When he is asked what he is, I encourage him to proudly state his name because that is who he is.

What are you?

It’s the question that inevitably my 8-year-old son will be asked time and time again. Racial sensitivity is not something that everyone understands, as my son will no doubt experience.

I cannot count the number of times that I’ve been asked this question. My family is of Puerto Rican descent, but my appearance has boggled the minds of many.

My almond-shaped eyes seem to throw people off and has had some guessing that I am


Asian and Black,


Native American,

and even Eskimo!

My boy is mixed race. He is half Puerto Rican and both a quarter black and white. While some say that he is my spitting image, I don’t necessarily agree. His beautiful skin is a deeper brown. His hair is a different texture than mine and he has more gorgeous curls than I could ever hope for.

He is a beautiful blend of his father’s heritage and of my own.

And absolute perfection is what he is.

His ethnicity has already come into question. Back in preschool (yes, preschool) it became a topic among his 4-year-old peers. That’s right, 4-year-olds were discussing ethnicity.

This came to light when I picked him up one afternoon. As soon as I walked into the classroom, his teacher pulled me aside and asked, “Is your son Puerto Rican?”

I was caught off-guard by this question.

“He is half Puerto Rican, why?” I replied not really understanding why this mattered. She then proceeded to tell me that my son said that he was black and that the other children didn’t believe him. At the moment, all I felt was shock. How could this already be a topic of discussion?

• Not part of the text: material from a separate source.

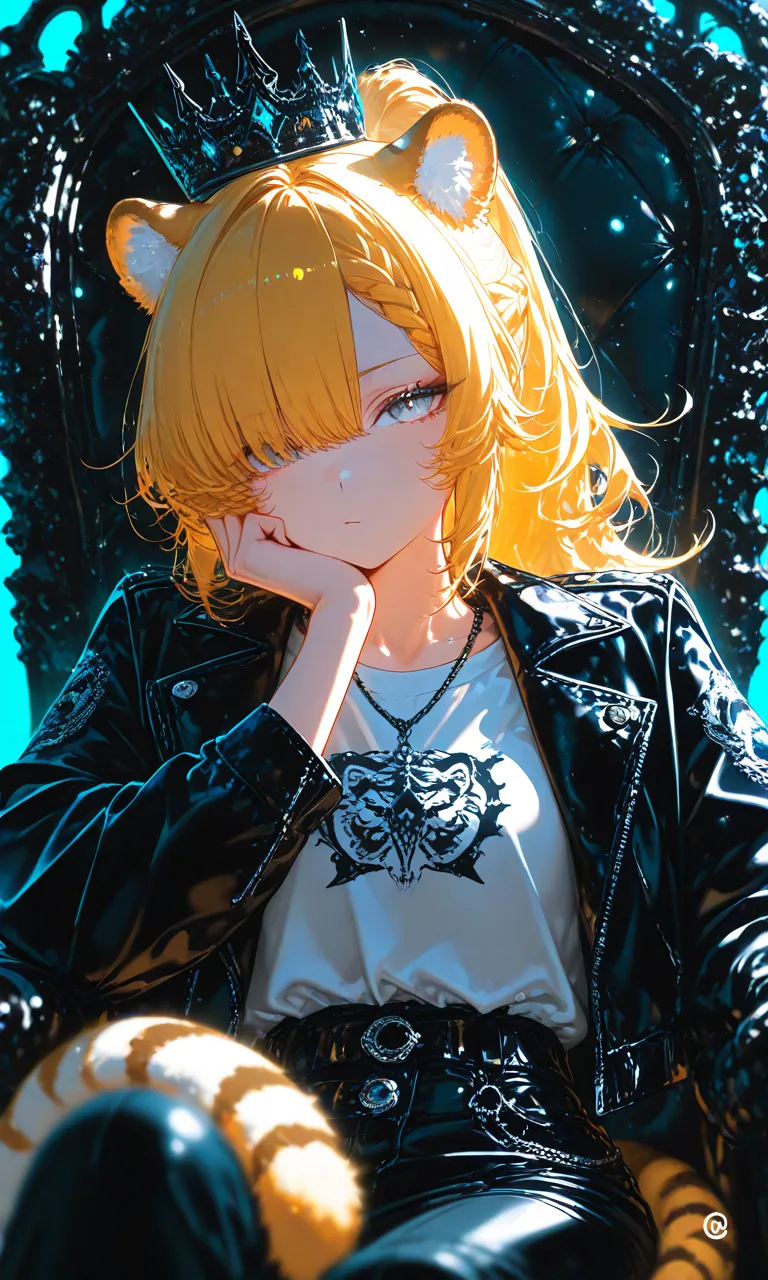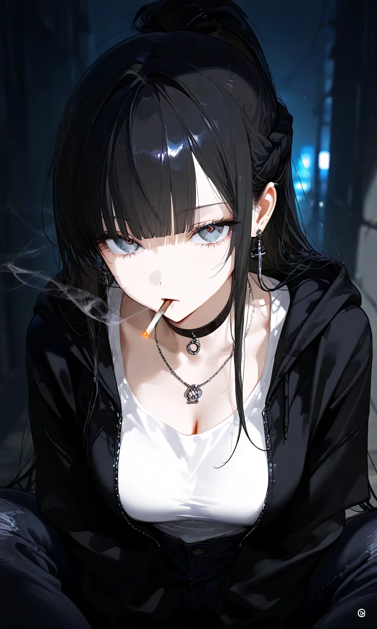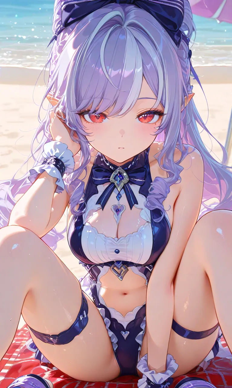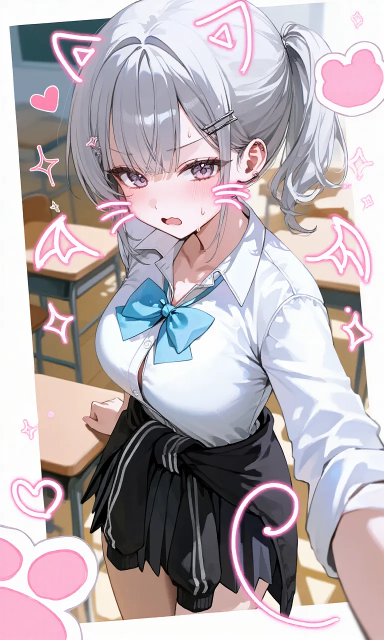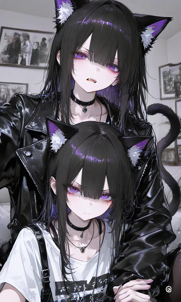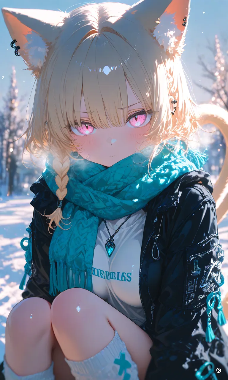 、青い髪で胸でかめ、猫耳、全身青い目白い眉毛白い、

We left the classroom and in my bewildered state, I tried to explain to my little guy why the other children were questioning his race. But how does one explain this to a preschooler? Gently, I explained to him that he didn’t need to be a certain ethnicity to fit in with those around him. But did he really understand this?

Throughout my childhood, I faced criticism constantly for not being “Puerto Rican” enough. While I am proud of my heritage, I was never OK with having to act a certain way to prove that I was any one thing.

As a result of my stubborn ways, I never became completely fluent in Spanish. I never learned to salsa dance and I can’t make a good pot of rice and beans to save my life. There have been countless lectures from other Latinos who can’t believe that I am “ashamed of who I am.”

There is no shame here but I am Jessica, plain and simple and I get to decide what that means. This is how I want my son to approach life too.

When it comes time to fill out forms that ask for his ethnicity, there will not be one little box for him to check off and that’s just perfect because all of his awesomeness cannot fit into just one little box.

I do understand that people will always be curious about those who are different from them. Other cultures are fascinating and beauty comes in so many different forms. There are just better ways to approach the subject.

Teaching kids about racial sensitivity should be an effort that is made. Have discussions with your kids on how to approach the topic. It is better to ask, “What is your family’s heritage?” rather than asking “What are you?”

Teach your children that there are wide varieties of ethnic groups around the world. For example, I taught Little Kid that the continent of Asia is made up of many countries and that it is not appropriate to assume that an Asian person is Chinese. The same goes for Latinos and Europeans and so forth.

In the end, we are all humans, flesh and blood, and who we are is who we chose to be on the inside no matter what we look like on the outside and that is the lesson that I want my son to carry throughout his life.

When he is asked what he is, I encourage him to proudly state his name because that is who he is. want him to be proud of his family and where he came from but ultimately I want him to be proud of the person he is.

Because that is the true beauty of being uniquely who we are.